After this week’s FOMC meeting, the first Fed governors will speak (Barkin, Kashkari, Bostic) and serve as a wild card. ECB‘s Schnabel has already said that the central bank can’t close the door on further rate hikes. “After a long period of high inflation, inflation expectations are fragile and renewed supply-side shocks can destabilize them, threatening medium-term price stability.” She added that it took a year to get inflation from 10.6% to the current 2.9%, but that the ECB expects it to take about twice as long to get back to 2% from here.
News and Views
The Czech National Bank left its key interest rate unchanged at 7% yesterday in a 5 (hold) to 2 (cut) vote.
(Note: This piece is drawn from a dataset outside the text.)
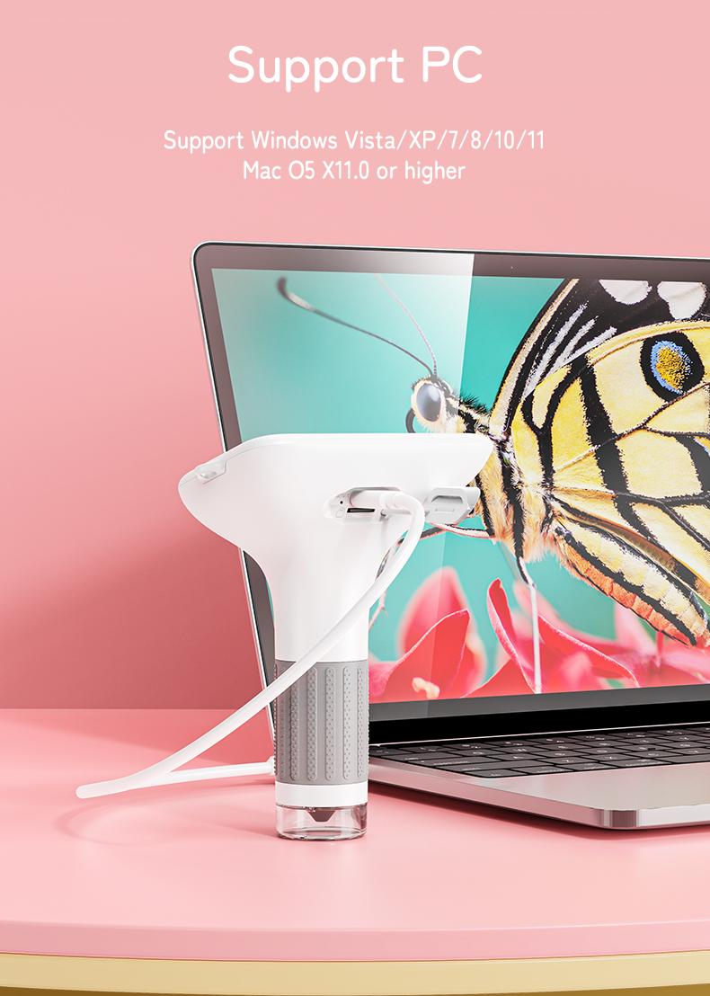 【Supports Connect with PC] - USB digital microscope connects to a computer via USB cable - Supports Windows Vista/XP/7/8/10/11, MacOS X 11.0 or higher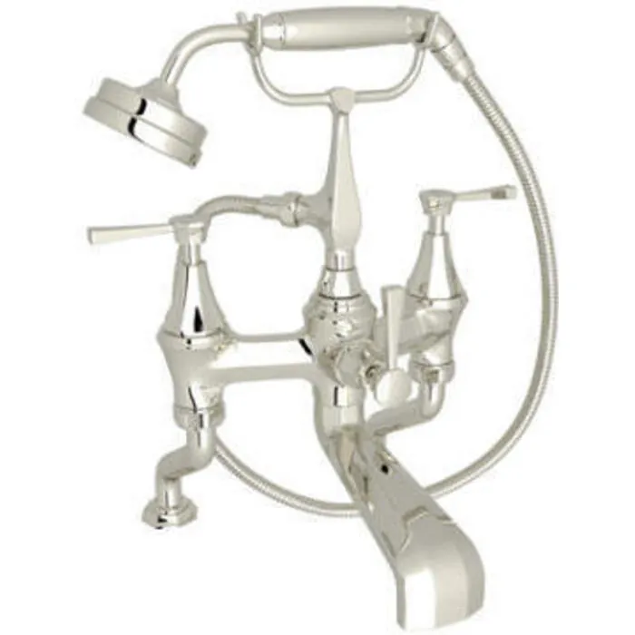 Rohl Perrin & Rowe® Deco Deck Mounted Tub Filler With Handshower In Polished Nickel U.3100LS/1-PN

Markets and analysts believed that the central bank would have started the cut cycle with a 25 bps move. The risk of unanchored inflation expectations remains, the CNB said. “This risk could manifest itself in the outcome of the ongoing wage negotiations and in a stronger-than-expected repricing of goods and services at the beginning of next year.” While price pressures have eased dramatically, they remain too high. In particular, core inflation is a cause for concern, with an outlook of 3% on average through 2024. The decision was made even as economic growth was being cut.
It’s overshadowing a weakening economy that unexpectedly contracted in Q3. The CNB expects -0.4% this year before returning to growth of around 1.2% next year. The central bank added that the depreciation of the krone has led to a slight easing of overall monetary conditions. It added to the case for keeping interest rates where they are. The Executive Board has discussed a strategy for future rate cuts and expects that any reduction will initially be moderate and gradual.
With its internal models projecting a 50 bps cut by the end of this year, “the interest rate path in the coming quarters is therefore likely to be higher than in the baseline scenario of the forecast.” KBC Economics expects a rate cut of 25 bps (to 6.75%) in December, although the risks are tilted to an even later start of easing. The Czech koruna rallied on the hawkish policy outcome. EUR/CZK fell from 24.66 to 25.45. Czech swap yields decoupled from the global and local trend yesterday, rising 10 bps at the short end of the curve.